◆ **What you will do**
Given these entries, repeat exactly the lines starting with the one that has "가수 우희가 20일 오후" and going on through the one that has "Ixhuatlán Del Café.- A", both included, but none of the pictures.

◆ **Data in this exercise**
==========

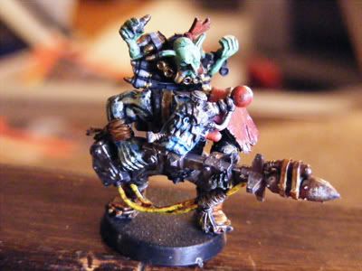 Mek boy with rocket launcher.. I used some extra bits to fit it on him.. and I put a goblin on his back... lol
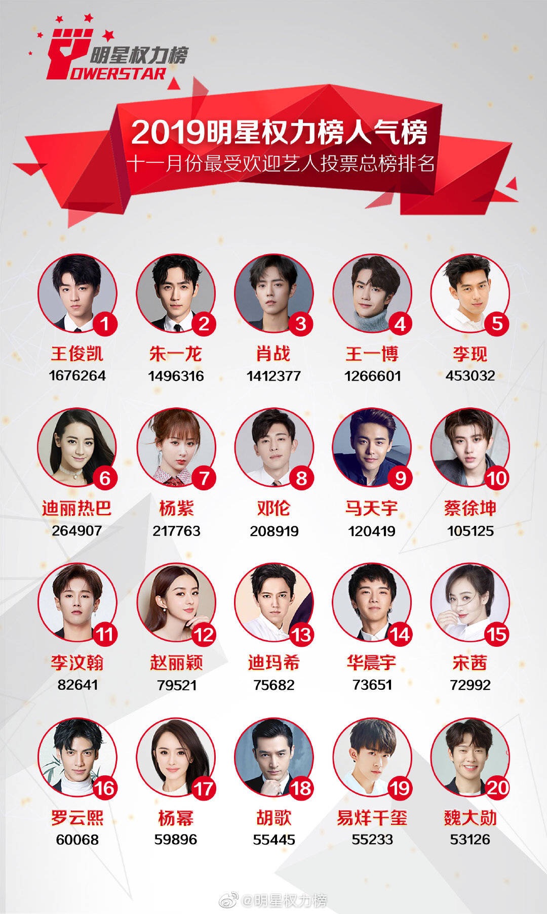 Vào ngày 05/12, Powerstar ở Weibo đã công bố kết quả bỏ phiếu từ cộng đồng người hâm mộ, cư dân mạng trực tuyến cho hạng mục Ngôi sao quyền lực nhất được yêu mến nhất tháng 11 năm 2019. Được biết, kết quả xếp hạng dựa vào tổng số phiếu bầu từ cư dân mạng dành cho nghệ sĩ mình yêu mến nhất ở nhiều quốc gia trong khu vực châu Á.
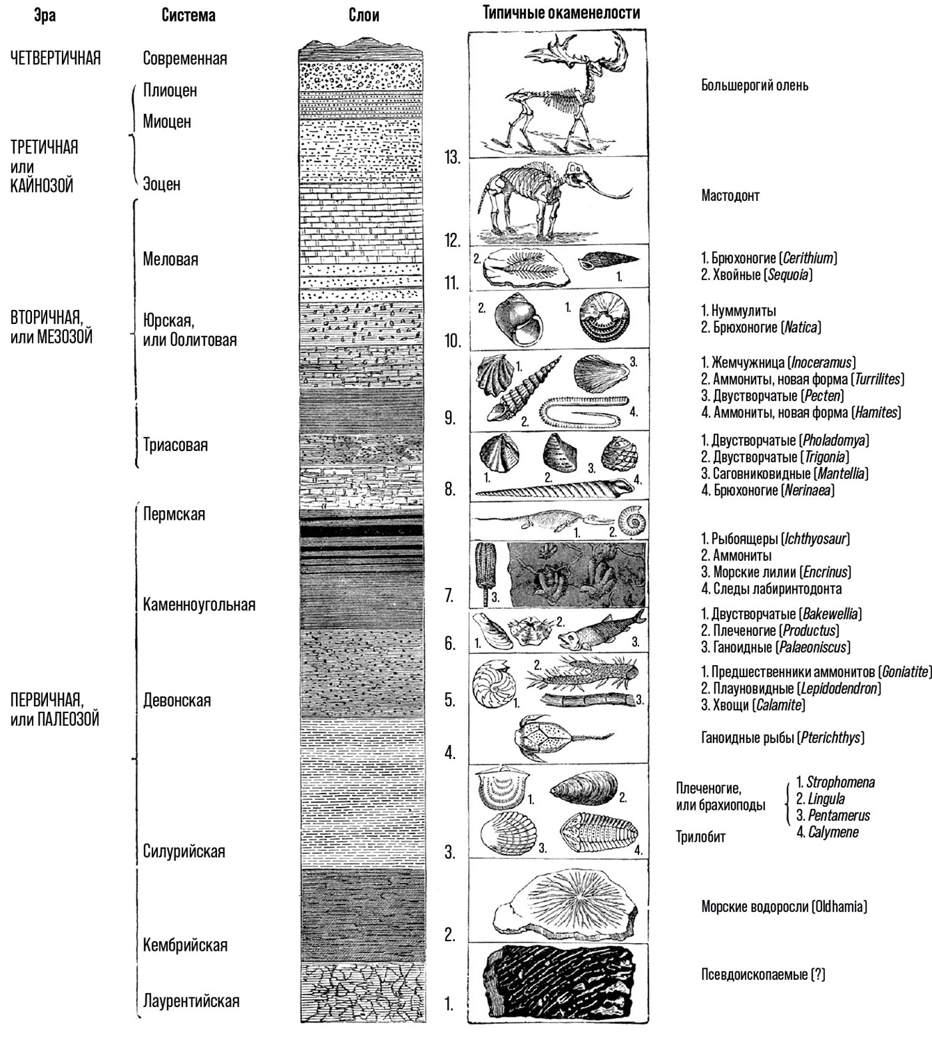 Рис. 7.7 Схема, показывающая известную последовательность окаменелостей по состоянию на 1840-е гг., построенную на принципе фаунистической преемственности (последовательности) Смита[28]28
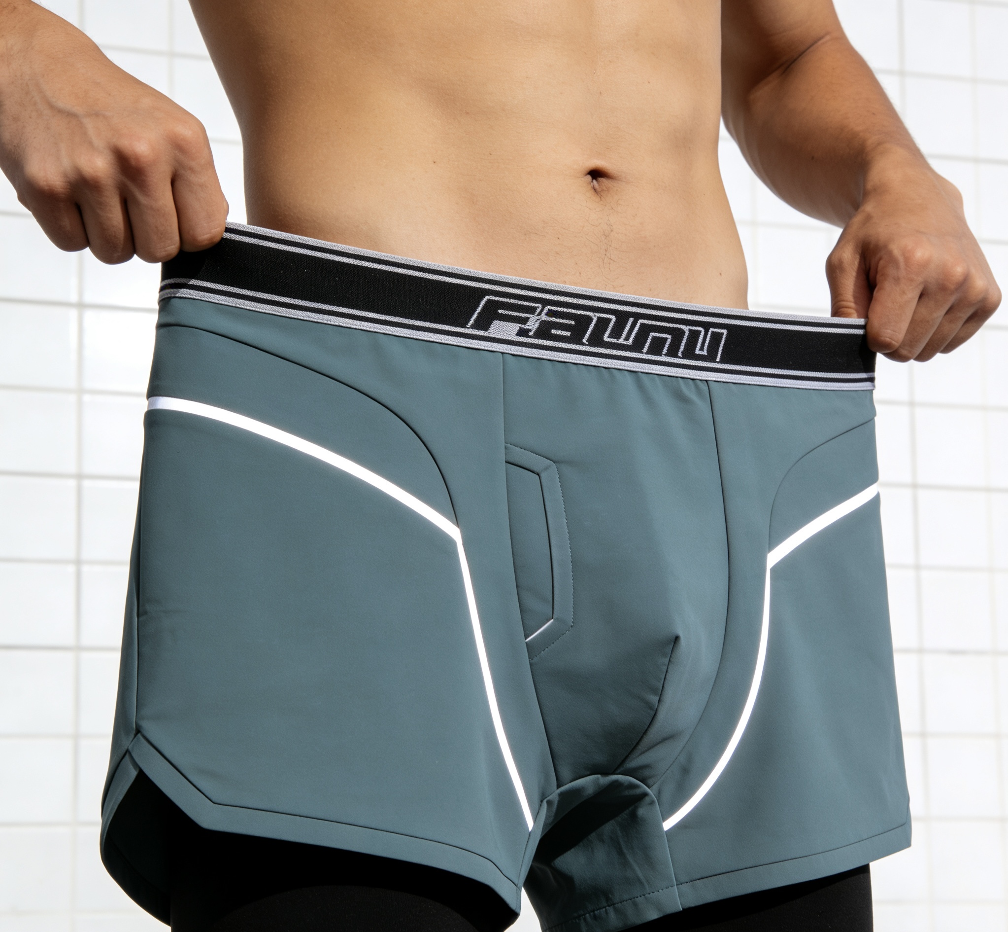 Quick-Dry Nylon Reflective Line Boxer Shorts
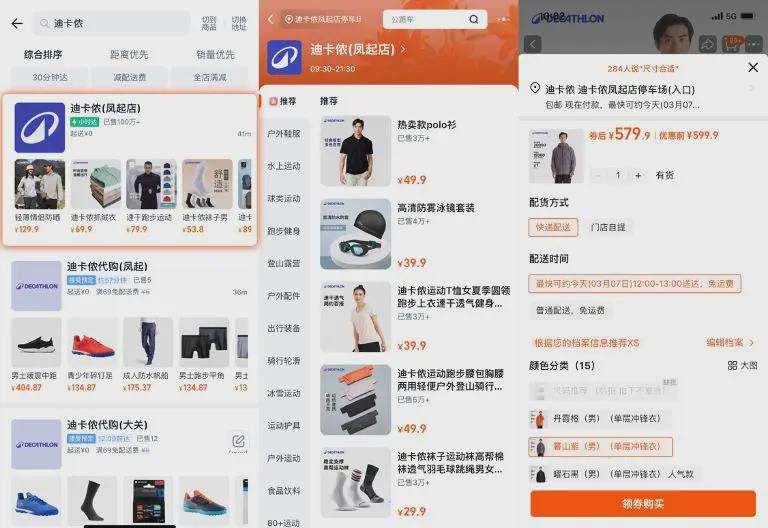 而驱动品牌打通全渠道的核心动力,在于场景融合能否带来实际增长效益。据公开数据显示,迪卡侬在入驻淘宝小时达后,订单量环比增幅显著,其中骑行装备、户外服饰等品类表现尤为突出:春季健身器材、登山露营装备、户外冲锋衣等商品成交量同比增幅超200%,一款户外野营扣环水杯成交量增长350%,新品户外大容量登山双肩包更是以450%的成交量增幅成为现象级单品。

==========

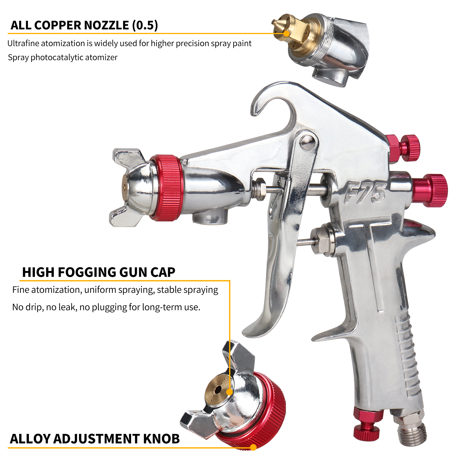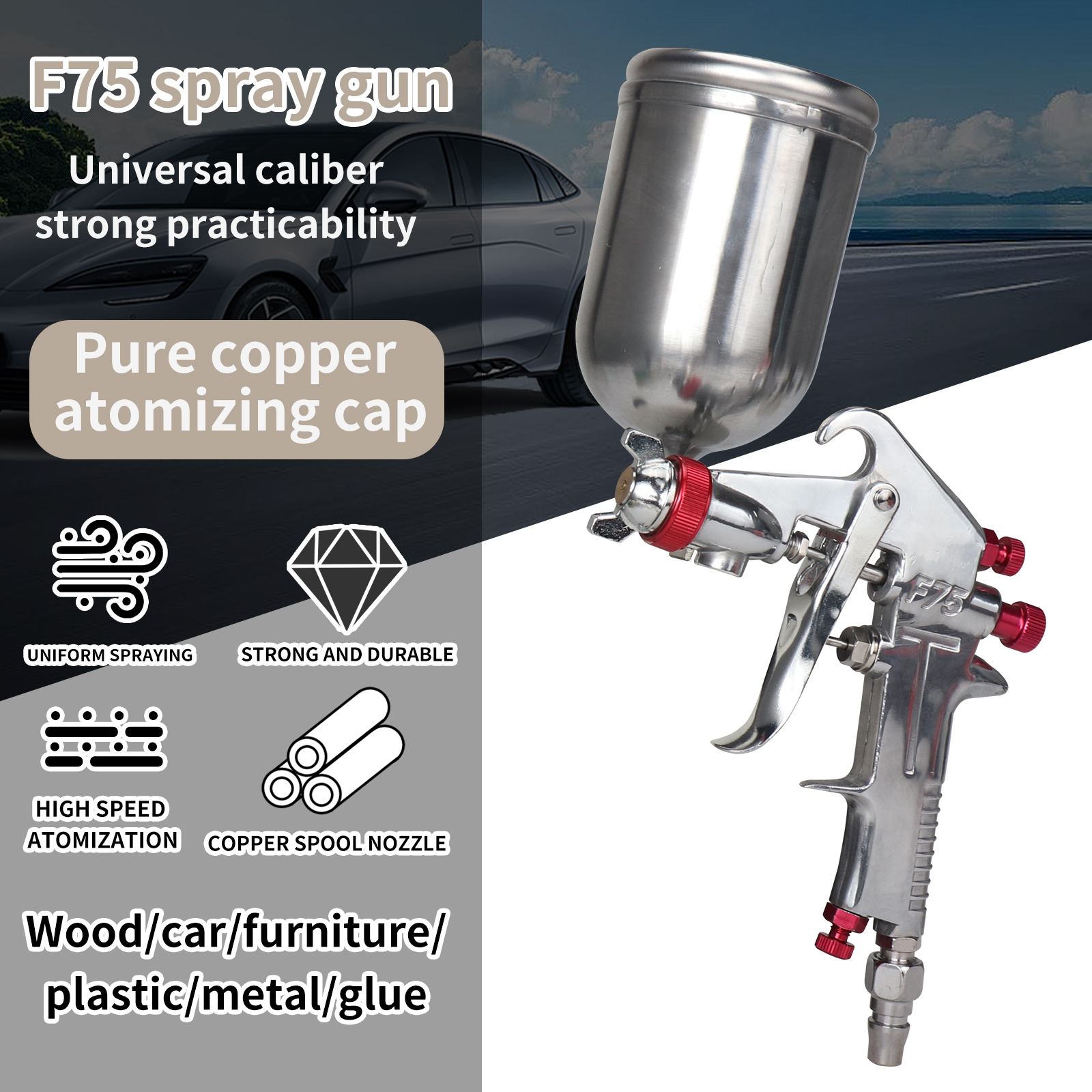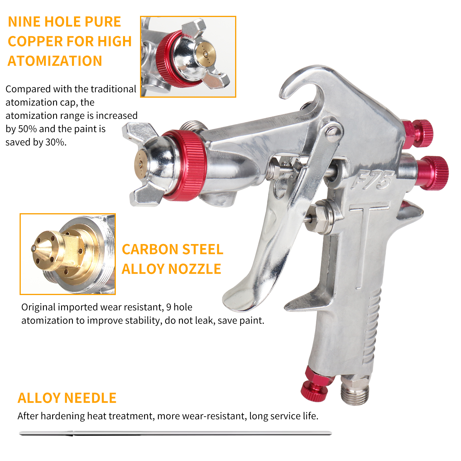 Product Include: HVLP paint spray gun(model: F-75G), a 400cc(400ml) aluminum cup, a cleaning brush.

==========

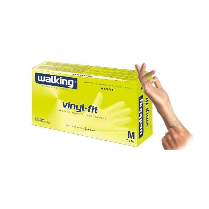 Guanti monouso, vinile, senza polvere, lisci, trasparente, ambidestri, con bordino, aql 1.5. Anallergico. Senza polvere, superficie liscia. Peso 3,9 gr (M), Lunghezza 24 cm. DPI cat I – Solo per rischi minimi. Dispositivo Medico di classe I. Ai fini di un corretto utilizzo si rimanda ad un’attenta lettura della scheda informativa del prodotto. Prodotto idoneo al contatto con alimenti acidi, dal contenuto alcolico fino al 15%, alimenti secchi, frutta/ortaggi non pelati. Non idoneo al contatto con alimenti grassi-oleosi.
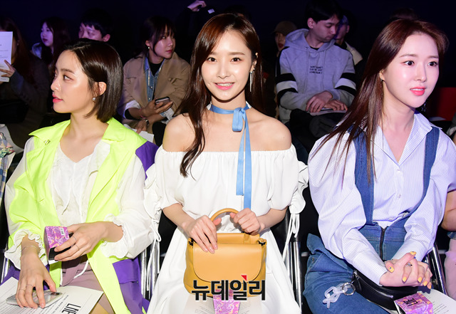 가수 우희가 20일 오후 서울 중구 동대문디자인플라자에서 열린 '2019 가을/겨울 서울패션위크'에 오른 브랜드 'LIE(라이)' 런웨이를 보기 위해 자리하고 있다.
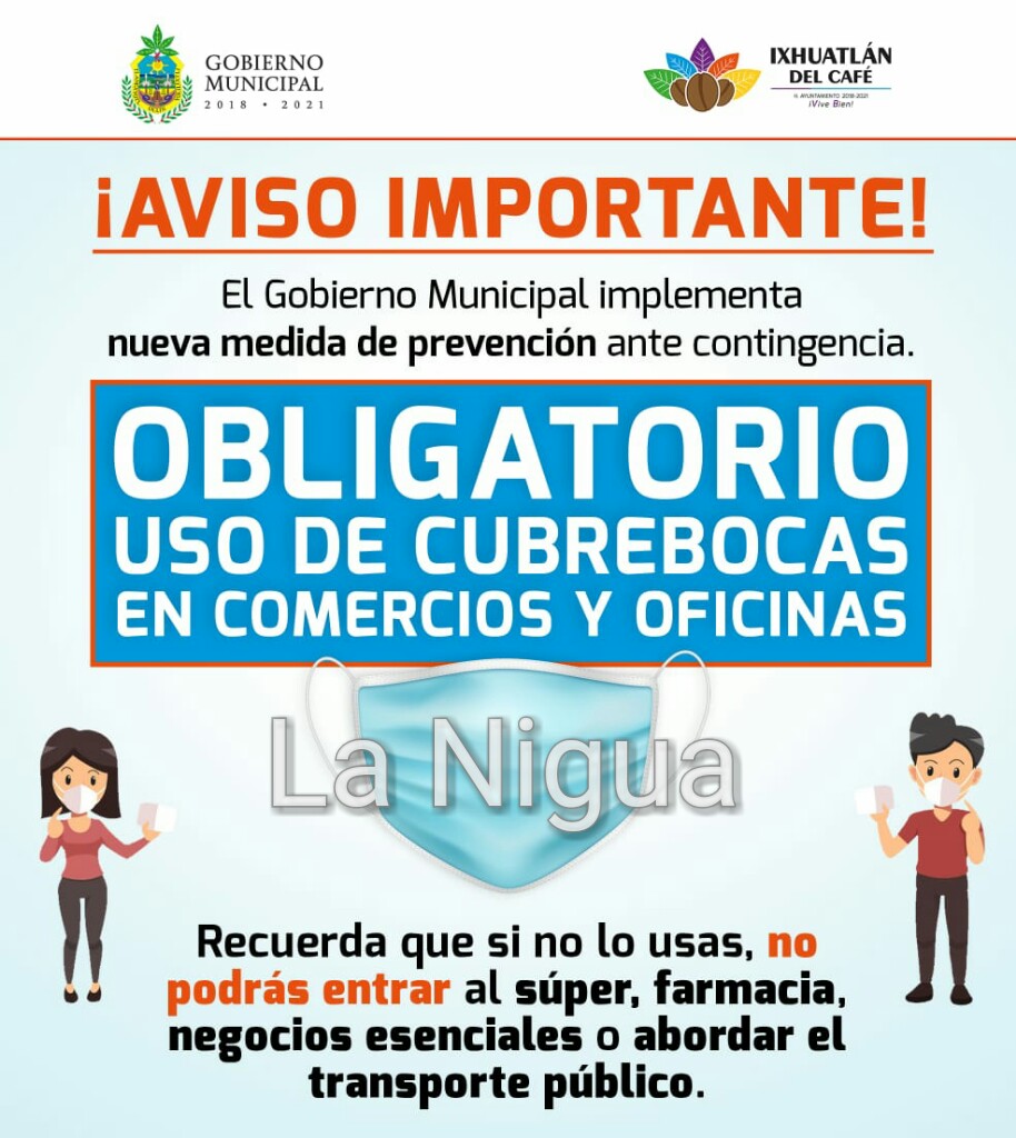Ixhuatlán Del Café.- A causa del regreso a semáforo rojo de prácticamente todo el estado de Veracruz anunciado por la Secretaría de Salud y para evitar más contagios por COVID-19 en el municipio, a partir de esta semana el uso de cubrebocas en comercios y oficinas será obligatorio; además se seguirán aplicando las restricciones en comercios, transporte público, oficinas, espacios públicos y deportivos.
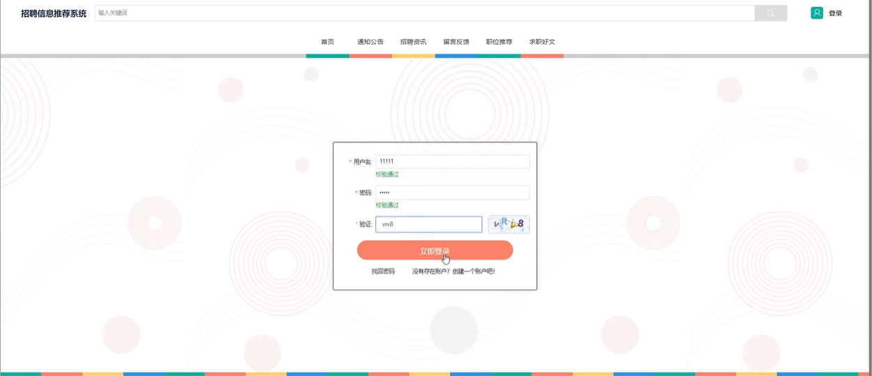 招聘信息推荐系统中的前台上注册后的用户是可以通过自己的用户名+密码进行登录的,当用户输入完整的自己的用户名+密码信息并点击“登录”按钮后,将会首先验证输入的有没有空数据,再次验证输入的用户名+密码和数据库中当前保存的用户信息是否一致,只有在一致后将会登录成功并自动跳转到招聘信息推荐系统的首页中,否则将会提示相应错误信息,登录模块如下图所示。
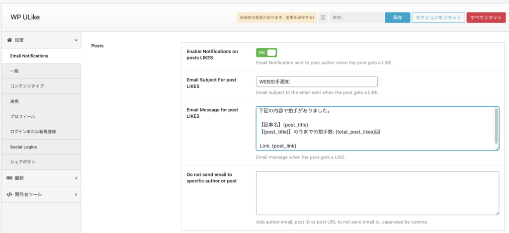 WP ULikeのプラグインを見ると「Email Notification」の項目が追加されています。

==========

◆ **Solution to this exercise**
 가수 우희가 20일 오후 서울 중구 동대문디자인플라자에서 열린 '2019 가을/겨울 서울패션위크'에 오른 브랜드 'LIE(라이)' 런웨이를 보기 위해 자리하고 있다.
Ixhuatlán Del Café.- A causa del regreso a semáforo rojo de prácticamente todo el estado de Veracruz anunciado por la Secretaría de Salud y para evitar más contagios por COVID-19 en el municipio, a partir de esta semana el uso de cubrebocas en comercios y oficinas será obligatorio; además se seguirán aplicando las restricciones en comercios, transporte público, oficinas, espacios públicos y deportivos.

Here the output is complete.